Il testo consiste nella sostanziale fusione di due emendamenti, uno del Pd, l'altro della Lega. Come ha spiegato uni dei principali promotori, Roberto Marti, senatore leccese e commissario regionale del Carroccio, "la deroga è necessaria per attualizzare i piani adottati dagli enti locali anche qualche anno fa (quello di Lecce risale a tre anni fa) e tutti quelli che non hanno concluso l’iter. Questa necessità evidentemente è diventata stringente a seguito della pandemia e quindi dei suoi effetti disastrosi sulla gestione e sui bilanci degli enti. D’altronde, così come gli Stati nazionali per il Covid19 hanno beneficiato della sospensione del patto di stabilità, così gli enti locali avevano bisogno di una 'moratoria' di questo tipo. In questo modo, quindi, migliora la normativa sui piani di riequilibrio, dando certezza sui tempi a disposizione degli attori coinvolti nell’iter dei piani stessi (quindi Ministero dell’Interno, Comuni, Corte dei Conti). 

Tira dunque un sospiro di sollievo il sindaco di Lecce, Carlo Salvemini, per il quale si tratta non di un provvedimento ad hoc, ma di una norma di sistema: "È una mano tesa agli enti chiamati a gestire la più grave crisi economica e sociale dal Dopoguerra, ai quali non sono state riconosciute deroghe alle proprie politiche di bilancio analogamente a quelle ottenute dal governo con la Ue, che ha accordato al nostro Paese di aumentare il debito pubblico e il disavanzo di bilancio per garantire sostegno a imprese e lavoratori. Resa possibile grazie al lavoro congiunto di forze politiche diverse, come Pd e Lega, e dall’impegno dei parlamentari del nostro territorio, su tutti Francesco Boccia, Dario Stefano e Roberto Marti, e della presidenza della Regione, che si è fatta interprete anch'essa delle difficoltà. Un lavoro di squadra per un provvedimento di sistema".

Il primo cittadino leccese all'inizio del mese aveva dovuto ingoiare il rospo della bocciatura della manovra di riequilibrio adottata ben tre anni prima e quindi già in corso di attuazione, preannunciando un ricorso alle sezioni riunite della Corte dei Conti che in ogni caso sarà presentato entro la fine di dicembre: "Il mio auspicio - ha concluso - è che questo emendamento possa aprire una stagione di riforma del 243-bis del Testo Unico Enti Locali, l’articolo che disciplina il riequilibrio dei conti degli enti strutturalmente deficitari.

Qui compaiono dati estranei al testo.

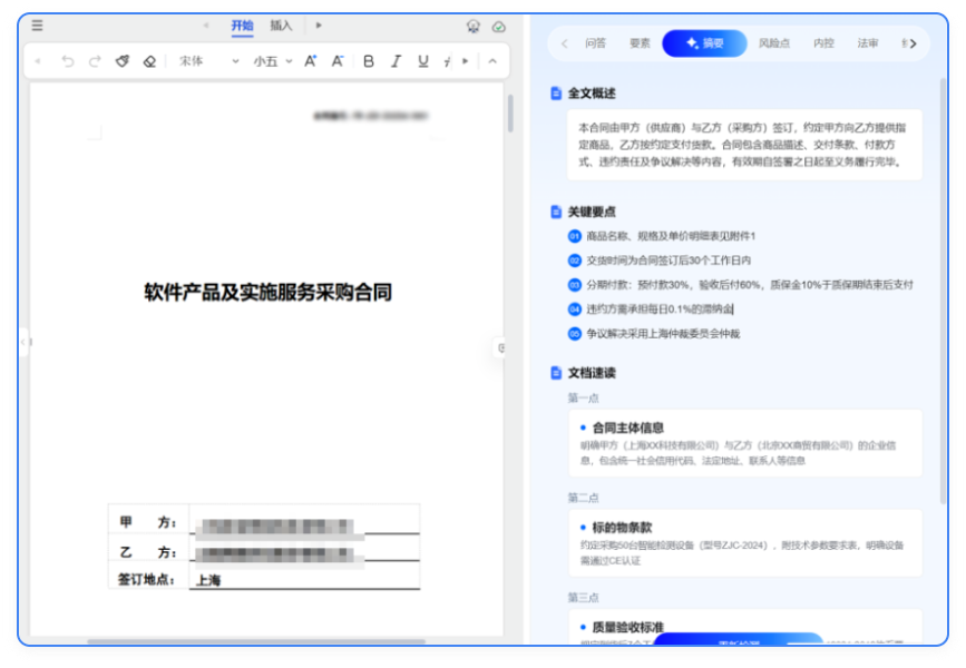 通过合同摘要提炼和可视化分析,帮助用户快速理解合同核心,为决策提供有力依据。

Una esigenza che è avvertita dalle forze politiche, dai parlamentari e dai Comuni, a maggior ragione in un momento nel quale alle difficoltà economico-finanziarie si sono aggiunte le ripercussioni della pandemia".

Sulla provvidenziale unità di intenti delle forze politiche si è espressa anche, con soddisfazione, la consigliera di minoranza e già parlamentare, Adriana Poli Bortone: "Nella formulazione definitiva il senatore Marti ha concordato col senantore Boccia una formulazione, dunque, che potesse comprendere il maggior numero di enti locali in situazioni di pericolo. Questo a testimonianza che al di là delle  parti politiche si dimostra l'impegno oltre che in generale in situazioni di gravi disagio per tutti quanti i cittadini, ma in particolare quando si può far qualcosa per la  propria città".